After solving this problem, you will be able to:

• Apply the complementary counting technique (total - invalid = valid)
• Calculate combinations C(n,k) for placement problems
• Analyze chess piece movement patterns mathematically
• Derive closed-form formulas for counting problems
• Handle large numbers and integer overflow in combinatorics

Problem Statement

Problem: Given an n x n chessboard, count the number of ways to place two knights so that they do not attack each other. Output this count for all board sizes from 1 to n.

Input:

• A single integer n (1 <= n <= 10000)

Output:

• n lines, where line k contains the number of valid placements for a k x k board

Constraints:

• 1 <= n <= 10000

Example

Input:
8

Output:
0
6
28
96
252
550
1056
1848

Explanation:

• For k=1: A 1x1 board has only 1 square, impossible to place 2 knights. Answer: 0
• For k=2: A 2x2 board has 4 squares, C(4,2)=6 ways to place knights, and no two squares are a knight’s move apart. Answer: 6
• For k=3: A 3x3 board has 9 squares. C(9,2)=36 total ways, but 8 pairs attack each other. Answer: 36-8=28

Intuition: How to Think About This Problem

Pattern Recognition

Key Question: Instead of counting valid placements directly, what if we count all placements and subtract the invalid ones?

This is the complementary counting technique. Counting non-attacking pairs directly is complex because we’d need to consider many different relative positions. But counting attacking pairs is simpler because knights have a fixed attack pattern.

Breaking Down the Problem

1. What are we looking for? Number of ways to place 2 knights that don’t attack each other
2. What information do we have? Board size k x k
3. What’s the relationship between input and output?
   • Total ways to place 2 knights = C(k^2, 2) = k^2 * (k^2 - 1) / 2
   • Attacking pairs = positions where knights can capture each other
   • Answer = Total - Attacking

The Knight’s Attack Pattern

A knight attacks in an “L” shape: 2 squares in one direction, 1 square perpendicular.

  . . X . X . .
  . X . . . X .
  . . . K . . .
  . X . . . X .
  . . X . X . .

Key insight: Two knights attack each other if and only if they occupy opposite corners of a 2x3 or 3x2 rectangle.
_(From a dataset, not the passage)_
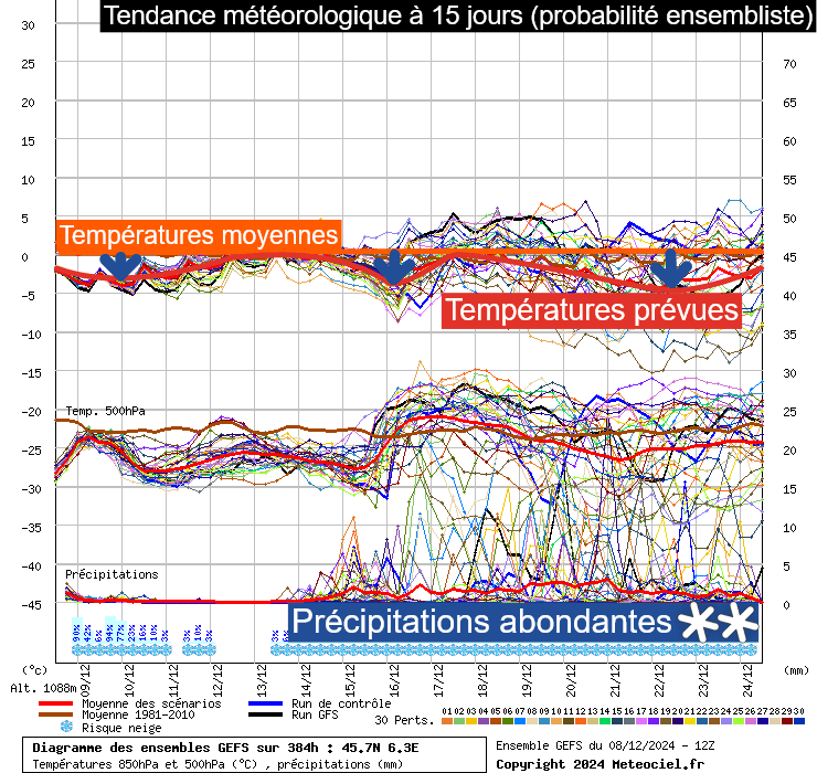 A 15j, la courbe moyenne des températures prévues (rouge) est toujours inférieure ou proche de la moyenne saisonnière (marron) avec le retour de précipitations abondantes, donc sous forme de neige en montagne - GEFS PE Meteociel

Solution: Mathematical Formula

Key Insight

The Trick: Count 2x3 and 3x2 rectangles on the board. Each rectangle contains exactly 2 pairs of squares where knights attack each other.

Formula Derivation

Step 1: Total placements

Total = C(k^2, 2) = k^2 * (k^2 - 1) / 2

Step 2: Count attacking pairs

For a 2x3 rectangle, the attacking pairs are the diagonal corners:

A . B      Knights at A attack B
. . .      Knights at C attack D
C . D      (2 attacking pairs per 2x3 rectangle)

Number of 2x3 rectangles that fit on a k x k board:

• Width 3, height 2: can place at (k-2) horizontal positions, (k-1) vertical positions
• Count: (k-2) * (k-1)

Number of 3x2 rectangles:

• Width 2, height 3: can place at (k-1) horizontal positions, (k-2) vertical positions
• Count: (k-1) * (k-2)

Each rectangle contributes 2 attacking pairs, so:

Attacking = 2 * (k-2)(k-1) + 2 * (k-1)(k-2) = 4 * (k-1) * (k-2)

Step 3: Final formula

Answer(k) = k^2 * (k^2 - 1) / 2  -  4 * (k-1) * (k-2)

Why This Formula Works

The formula counts:

1. All possible ways to choose 2 squares from k^2 squares
2. Subtracts exactly those pairs where the squares form attacking positions
3. Knights attack from corners of 2x3/3x2 rectangles, each contributing 2 pairs

Dry Run Example

Let’s trace through for k = 4 (4x4 board):

Step 1: Calculate total placements
  Total squares = 4^2 = 16
  Total ways = C(16, 2) = 16 * 15 / 2 = 120

Step 2: Count attacking pairs
  2x3 rectangles: (4-2) * (4-1) = 2 * 3 = 6 rectangles
  3x2 rectangles: (4-1) * (4-2) = 3 * 2 = 6 rectangles
  Total rectangles = 12
  Attacking pairs = 12 * 2 = 24

Step 3: Calculate answer
  Answer = 120 - 24 = 96

Verification for small k values:
  k=1: Total = 0,   Attacking = 0,  Answer = 0
  k=2: Total = 6,   Attacking = 0,  Answer = 6
  k=3: Total = 36,  Attacking = 8,  Answer = 28
  k=4: Total = 120, Attacking = 24, Answer = 96

Visual Diagram: Attacking Positions

2x3 Rectangle with attacking pairs marked:

  +---+---+---+        Knights at opposite corners attack:
  | A |   | B |        - A attacks B (diagonal)
  +---+---+---+        - C attacks D (diagonal)
  | C |   | D |        Total: 2 attacking pairs
  +---+---+---+

3x2 Rectangle rotated:

  +---+---+
  | A |   |
  +---+---+          Same logic: A-B and C-D
  |   |   |          attack each other
  +---+---+
  | C | B |
  +---+---+

Code Solutions

Python Solution

def two_knights(n: int) -> list[int]:
  """
  Calculate non-attacking knight placements for boards 1x1 to nxn.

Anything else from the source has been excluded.